L'ordonnance du 18 juillet 2013 semble avoir emprunté une voie raisonnable qui tient compte de cette double exigence.

Reste à mesurer ses effets dans l'application qui sera faite pour ajuster, le cas échéant, les modifications qu'elle introduit. Pour l'heure, il paraît raisonnable de s'en tenir à ces mesures.

2. Spécialiser les juridictions

Le droit de l'urbanisme demeure une matière complexe malgré les intentions renouvelées de le clarifier et de simplifier les procédures.

Il importe donc que les juges qui traitent ces dossiers puissent maîtriser cette accumulation de règles. C'est particulièrement vrai pour le domaine de l'expropriation.

Or, comme l'a noté devant vos rapporteurs le professeur Yves Jégouzo, si l'on excepte la région parisienne, le juge de l'expropriation qui est un magistrat du tribunal de grande instance25(*) -à raison de trois ou quatre par département-, traite chaque année un nombre insuffisant de dossiers pour pouvoir acquérir une expertise fine de la matière.

Pour ajuster au mieux le montant de l'indemnité, il conviendrait de regrouper ces affaires dans le ressort de chaque cour d'appel.
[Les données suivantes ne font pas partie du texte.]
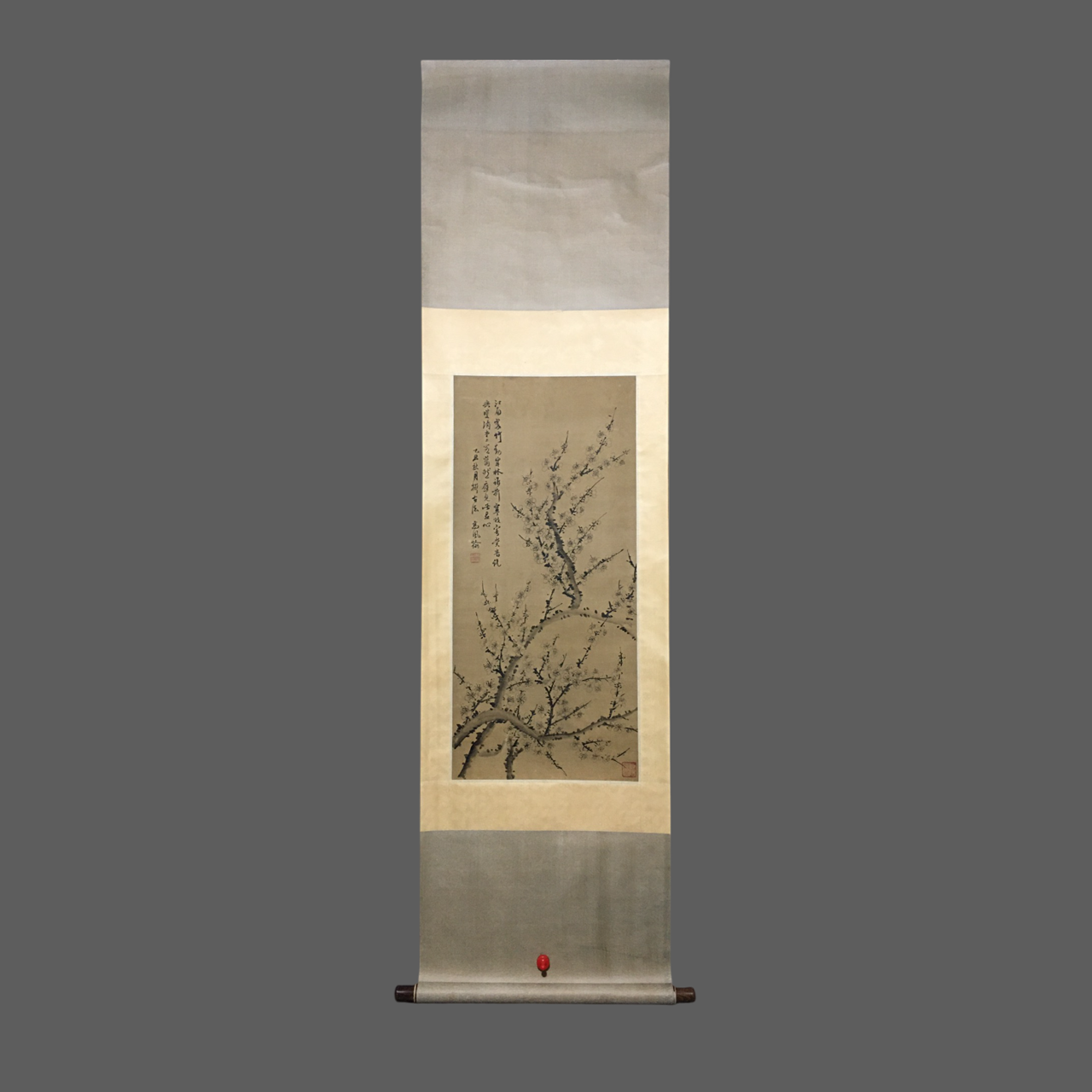 【鳳翰鐵骨|左筆梅花複刻珍品】此中堂得南阜「左筆奇崛」之妙韻,處處融金農古拙與徐渭狂放之精魄。 特選古宣經九礬八染秘法處理,墨色蒼潤若鐵幹凝霜,筆勢逆轉暗合《寒香圖》「斷筆皴」之玄機。 臨摹達「膠西研習級」標準,較尋常梅畫更見揚州畫派左筆絕藝,非止形似追求,實乃重現清代文人逆境風骨之鑒藏珍品,當世稀有的鳳翰範本。材質:宣紙裝裱尺寸:206×63 cm畫芯尺寸:72×40 cm

Le premier président pourrait répartir cet office en fonction des caractéristiques locales. Ce changement ne devrait pas entraîner de frais supplémentaires pour l'exproprié puisque l'expropriant supporte seul les dépens de première instance26(*). Pour garantir un accès suffisamment proche des justiciables, vos rapporteurs envisagent la tenue d'audiences foraines. Il conviendra d'approfondir la réflexion sur ce point afin d'examiner concrètement les modalités de mise en oeuvre de cette proposition. L'objectif reste de « professionnaliser » la fixation de l'indemnité d'expropriation dans l'intérêt des deux parties.

Proposition n° 7

Spécialiser les juges de l'expropriation dans le ressort
de chaque cour d'appel


* 21 Cf. avis n° 607 (2012-2013) de M. René Vandierendonck fait au nom de la commission des lois.

* 22 Cf. rapport au président de la République relatif à l'ordonnance n° 2013-638.

* 23 Cf. site du ministère de l'égalité des territoires et du logement (www.territoires.gouv.fr).

* 24 Ouverte aux acquéreurs successifs du bien ayant fait l'objet d'un permis à raison du préjudice qu'ils ont subi.

* 25 Cf. art L. 13-1 du code de l'expropriation pour cause d'utilité publique.

* 26 Cf. art L. 13-5 du code de l'expropriation pour cause d'utilité publique.